What is required – Instruction for the entries below: return the part that opens with the line containing "This bingo card" and closes with the line containing "Industriele boekenkast met", exactly, and no pictures.

[Stored data]
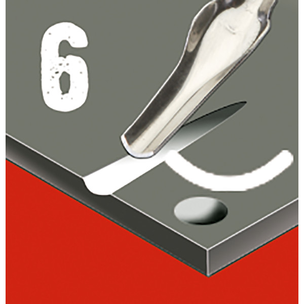 No. 5 - Az ötös számú kés egy kicsit különbözik a többitől. Ezt főként vékony vonalak megjelölésére használják, főként a tényleges metszés elkezdése előtt, hogy meghatározzák a design-t, és eltávolítsák a szükségtelen hátteret. Könnyen lehet húzni, és tolni is, akár hullámos vonalakhoz is. Kicsit mélyebbre vágva, pedig igazán hasznos, ahhoz hogy megjelöljük milyen mélyre szeretnénk kimetszeni a képet.
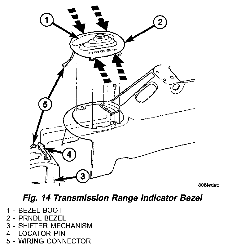 5. Connect transmission range indicator bezel wire connector on the underside of bezel (Fig. 14).
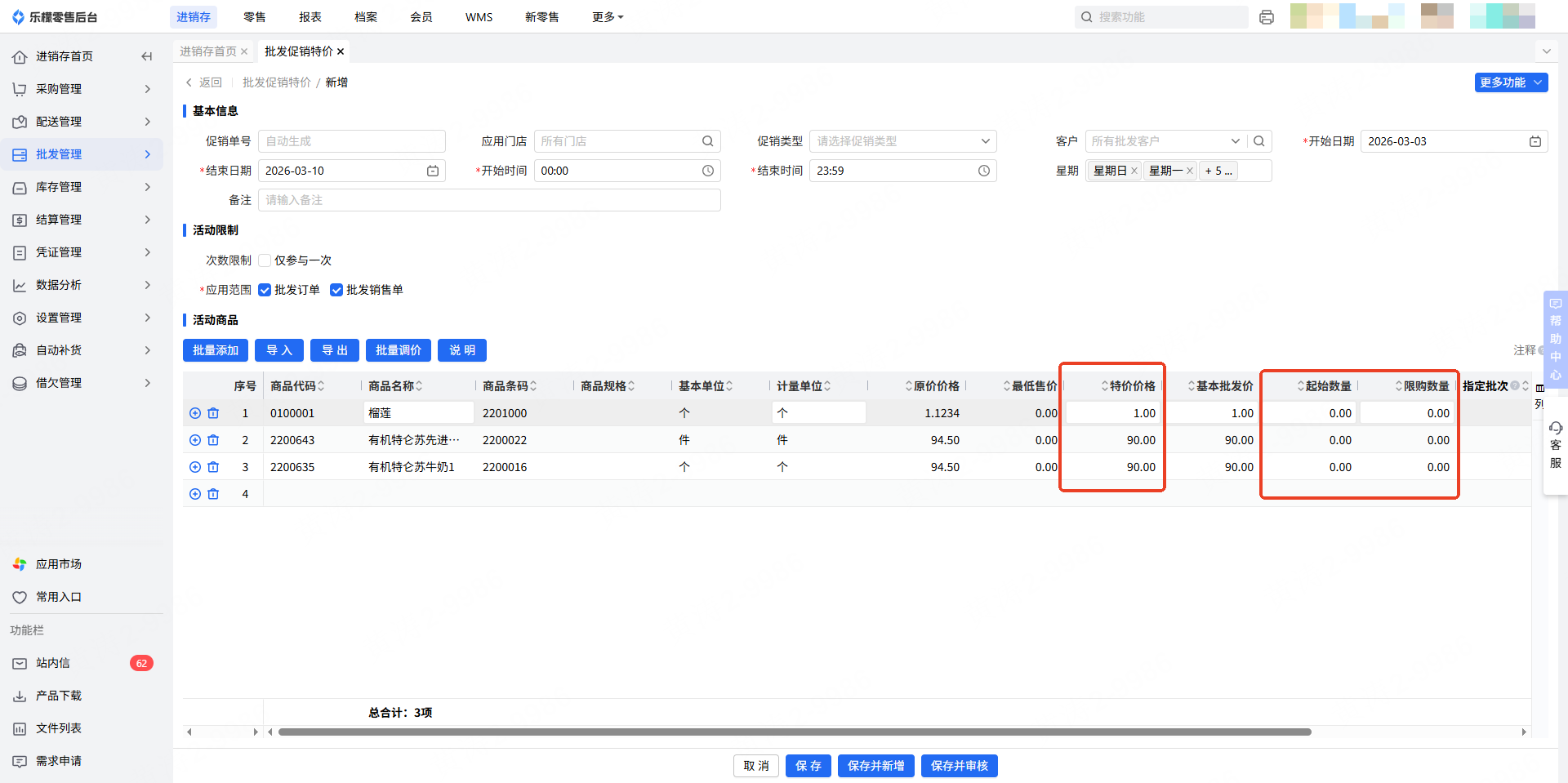 4.添加好相应促销商品后,填写需要特价价格、起始数量以及限购数量。
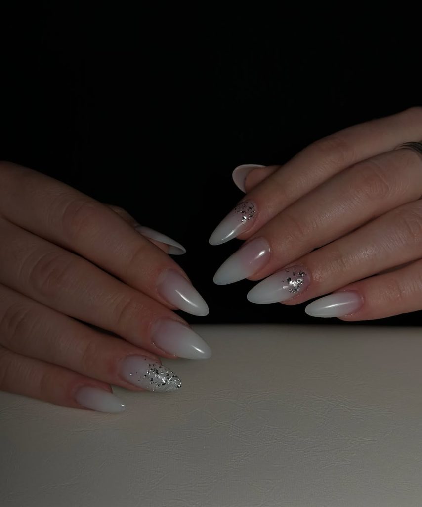 There’s something timeless about ombre nails, and this frosted white set feels like a snowy evening captured on your fingertips. The almond shape elongates the hand beautifully, while silver glitter accents add just enough sparkle to remind you of twinkling holiday lights. It’s an elegant and understated choice that radiates quiet confidence and festive charm.
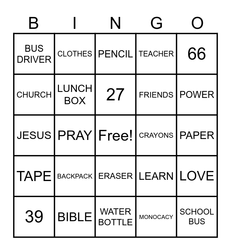 This bingo card has a free space and 24 words: BACKPACK, BIBLE, 27, 39, 66, BUS DRIVER, CHURCH, CLOTHES, CRAYONS, ERASER, FRIENDS, JESUS, LEARN, LOVE, LUNCH BOX, MONOCACY, PAPER, PENCIL, POWER, PRAY, SCHOOL BUS, TAPE, TEACHER and WATER BOTTLE.
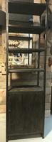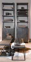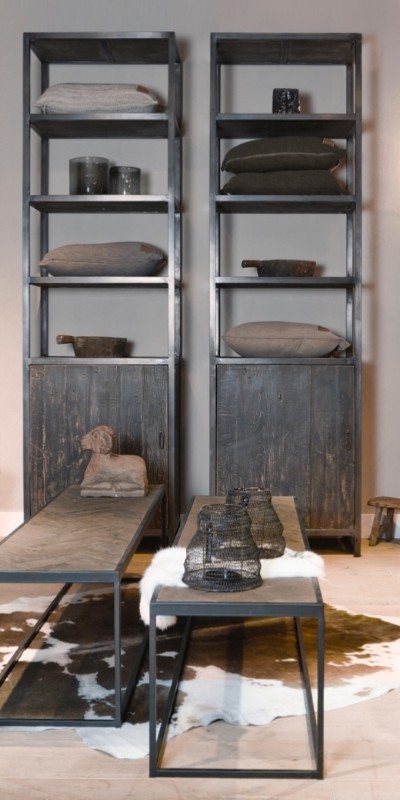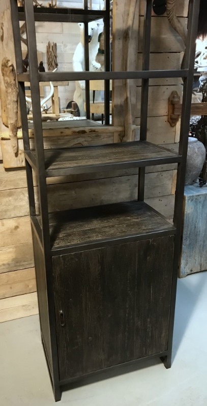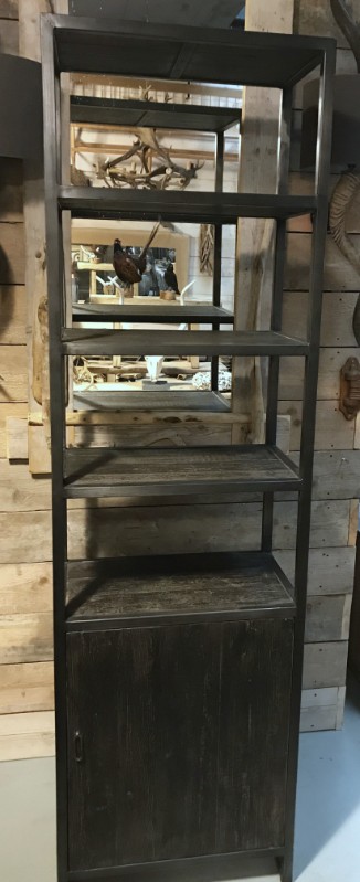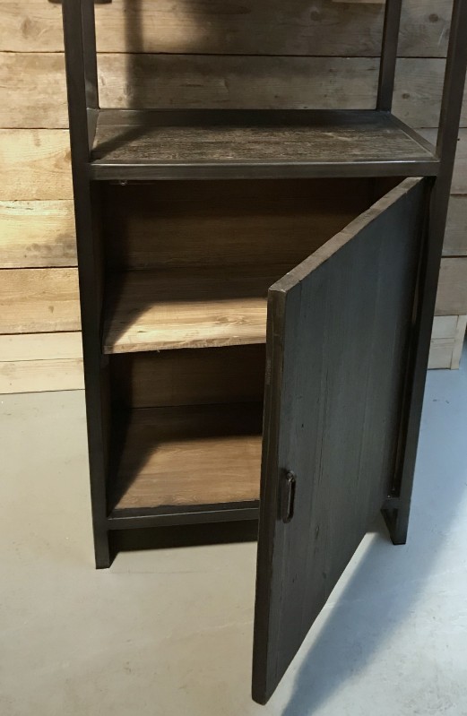 Industriele boekenkast met 1 deur en 4 open vakken.
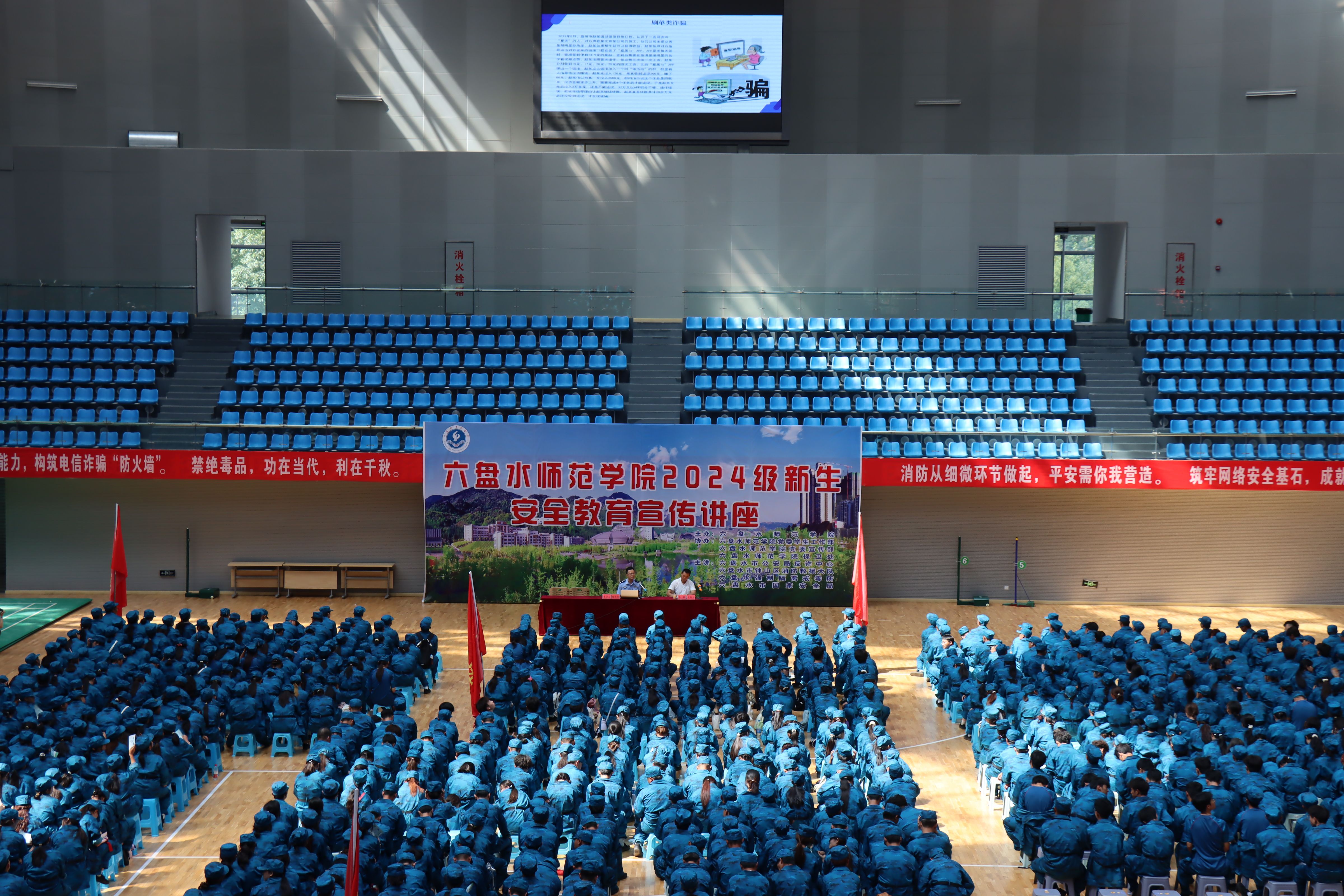 9月4日下午,bat365在体育馆举行2024级新生安全教育宣传讲座。本次讲座分为电信网络诈骗防范专题教育和消防安全教育两部分。讲座由学校保卫处处长余征主持。

Response –
 This bingo card has a free space and 24 words: BACKPACK, BIBLE, 27, 39, 66, BUS DRIVER, CHURCH, CLOTHES, CRAYONS, ERASER, FRIENDS, JESUS, LEARN, LOVE, LUNCH BOX, MONOCACY, PAPER, PENCIL, POWER, PRAY, SCHOOL BUS, TAPE, TEACHER and WATER BOTTLE.
 Industriele boekenkast met 1 deur en 4 open vakken.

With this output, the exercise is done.